Segment Start: THE RECORDS

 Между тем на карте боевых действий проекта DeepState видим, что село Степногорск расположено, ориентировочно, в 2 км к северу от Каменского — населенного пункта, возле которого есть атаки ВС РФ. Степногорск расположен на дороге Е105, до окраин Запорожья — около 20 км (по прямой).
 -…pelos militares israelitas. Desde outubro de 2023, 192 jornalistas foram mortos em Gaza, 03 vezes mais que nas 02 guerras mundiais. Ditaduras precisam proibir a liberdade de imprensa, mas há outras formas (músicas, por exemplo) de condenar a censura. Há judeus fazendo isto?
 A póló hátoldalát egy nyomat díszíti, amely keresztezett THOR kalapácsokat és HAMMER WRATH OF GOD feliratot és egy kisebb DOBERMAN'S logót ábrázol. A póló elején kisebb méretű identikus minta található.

Segment End: THE RECORDS
Segment Start: THE RECORDS

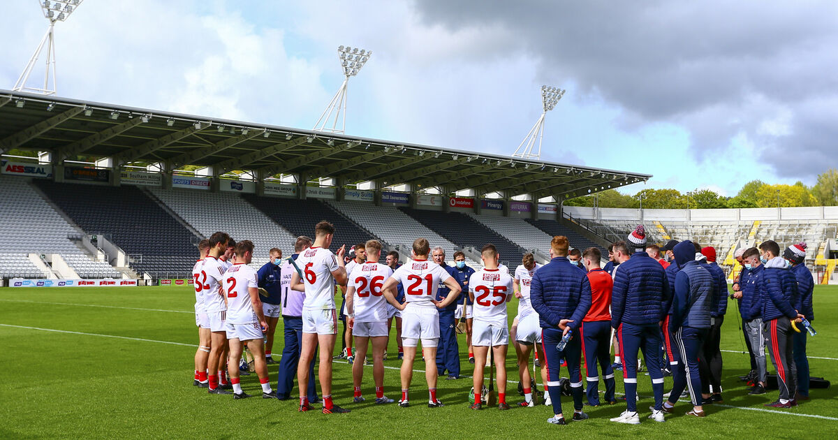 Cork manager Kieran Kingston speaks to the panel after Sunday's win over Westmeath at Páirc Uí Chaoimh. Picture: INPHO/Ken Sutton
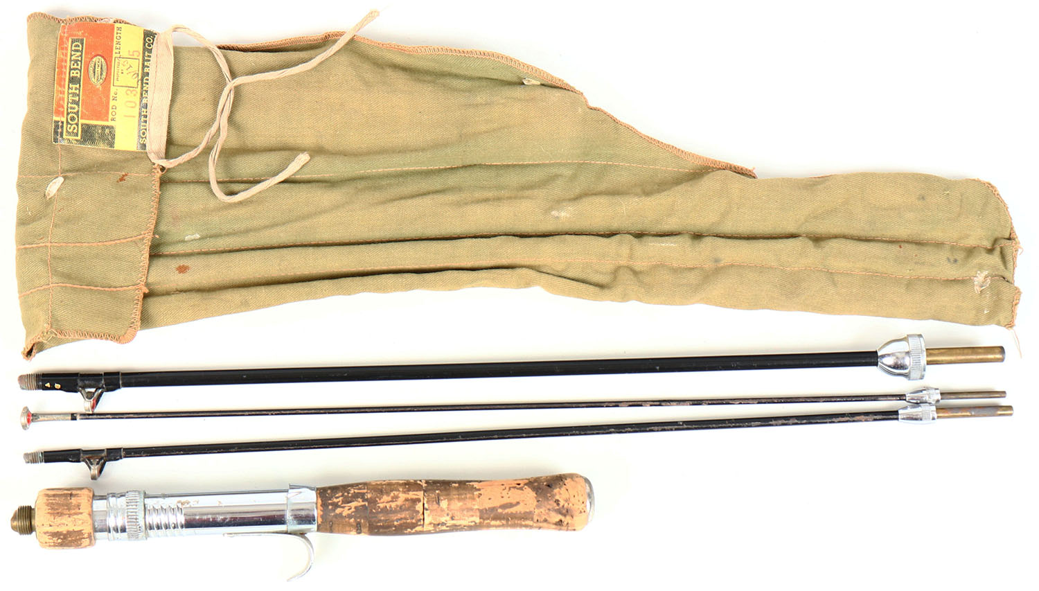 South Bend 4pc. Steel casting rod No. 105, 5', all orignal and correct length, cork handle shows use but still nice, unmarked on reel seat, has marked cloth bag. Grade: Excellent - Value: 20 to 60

Segment End: THE RECORDS

Going back to the entries above, set down exactly the lines that begin at the one with "Между тем на" and end at the one with "A póló hátoldalát", both included, and nothing else.

* _YOUR SOLUTION_:
 Между тем на карте боевых действий проекта DeepState видим, что село Степногорск расположено, ориентировочно, в 2 км к северу от Каменского — населенного пункта, возле которого есть атаки ВС РФ. Степногорск расположен на дороге Е105, до окраин Запорожья — около 20 км (по прямой).
 -…pelos militares israelitas. Desde outubro de 2023, 192 jornalistas foram mortos em Gaza, 03 vezes mais que nas 02 guerras mundiais. Ditaduras precisam proibir a liberdade de imprensa, mas há outras formas (músicas, por exemplo) de condenar a censura. Há judeus fazendo isto?
 A póló hátoldalát egy nyomat díszíti, amely keresztezett THOR kalapácsokat és HAMMER WRATH OF GOD feliratot és egy kisebb DOBERMAN'S logót ábrázol. A póló elején kisebb méretű identikus minta található.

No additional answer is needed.